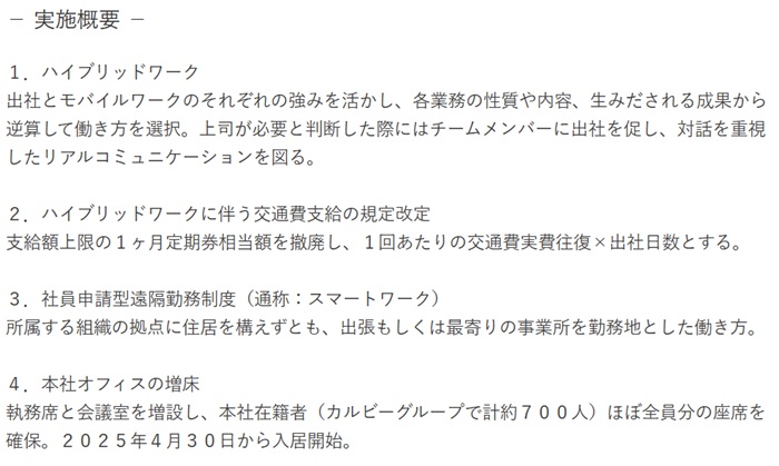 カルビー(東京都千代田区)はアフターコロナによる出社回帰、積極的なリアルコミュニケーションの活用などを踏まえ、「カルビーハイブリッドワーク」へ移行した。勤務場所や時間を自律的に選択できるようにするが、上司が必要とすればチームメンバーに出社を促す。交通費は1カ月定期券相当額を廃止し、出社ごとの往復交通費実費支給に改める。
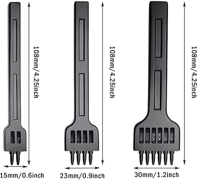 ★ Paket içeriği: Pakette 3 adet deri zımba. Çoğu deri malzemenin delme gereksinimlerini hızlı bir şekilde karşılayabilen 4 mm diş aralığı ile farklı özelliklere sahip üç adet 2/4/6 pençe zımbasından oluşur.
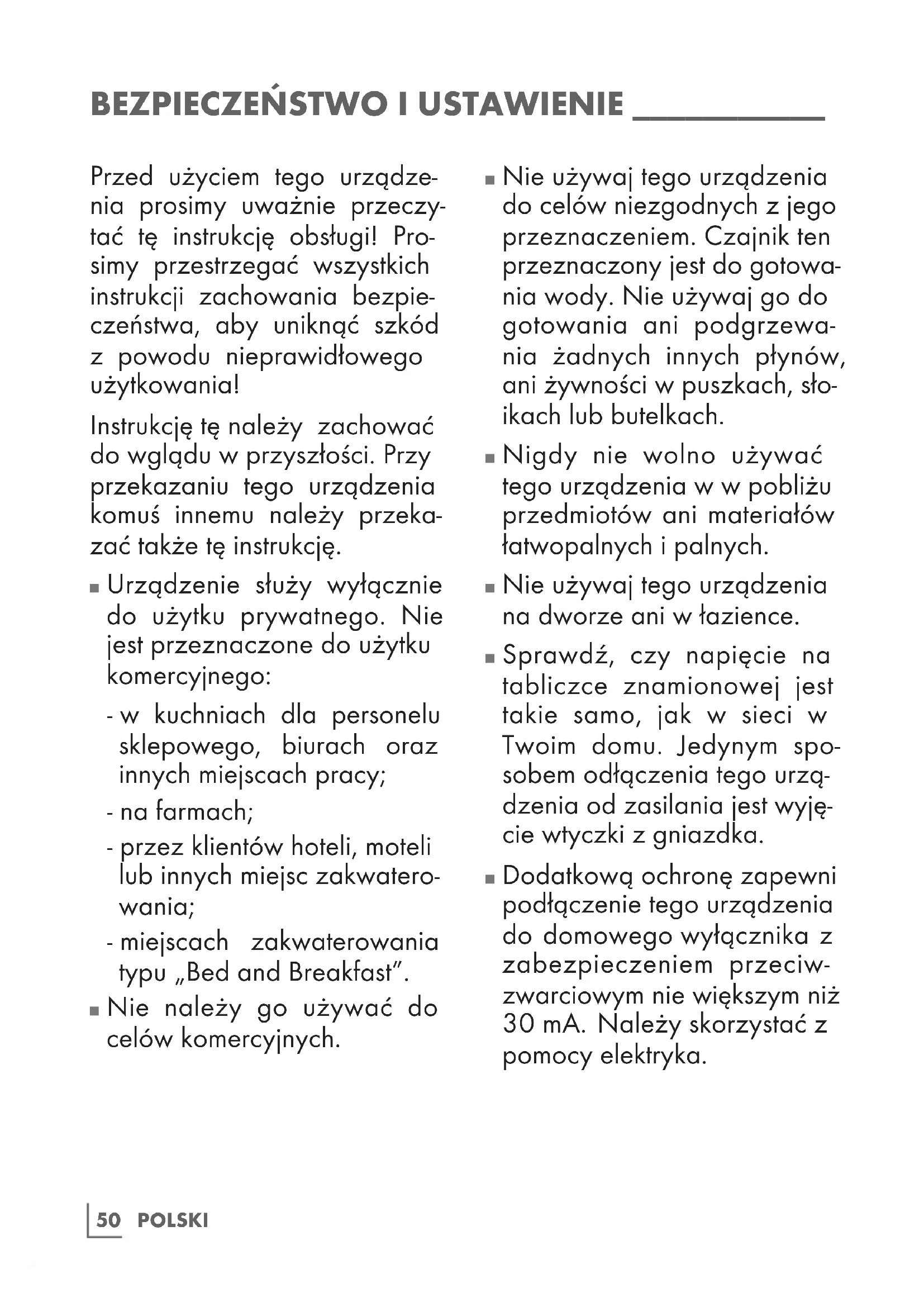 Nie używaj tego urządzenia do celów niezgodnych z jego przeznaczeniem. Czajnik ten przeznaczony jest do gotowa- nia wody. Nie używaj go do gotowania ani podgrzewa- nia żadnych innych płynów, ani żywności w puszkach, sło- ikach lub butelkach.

- _What is being asked_
Give back the material word for word, leaving out its pictures.

- _Response to the exercise_
 カルビー(東京都千代田区)はアフターコロナによる出社回帰、積極的なリアルコミュニケーションの活用などを踏まえ、「カルビーハイブリッドワーク」へ移行した。勤務場所や時間を自律的に選択できるようにするが、上司が必要とすればチームメンバーに出社を促す。交通費は1カ月定期券相当額を廃止し、出社ごとの往復交通費実費支給に改める。
 ★ Paket içeriği: Pakette 3 adet deri zımba. Çoğu deri malzemenin delme gereksinimlerini hızlı bir şekilde karşılayabilen 4 mm diş aralığı ile farklı özelliklere sahip üç adet 2/4/6 pençe zımbasından oluşur.
 Nie używaj tego urządzenia do celów niezgodnych z jego przeznaczeniem. Czajnik ten przeznaczony jest do gotowa- nia wody. Nie używaj go do gotowania ani podgrzewa- nia żadnych innych płynów, ani żywności w puszkach, sło- ikach lub butelkach.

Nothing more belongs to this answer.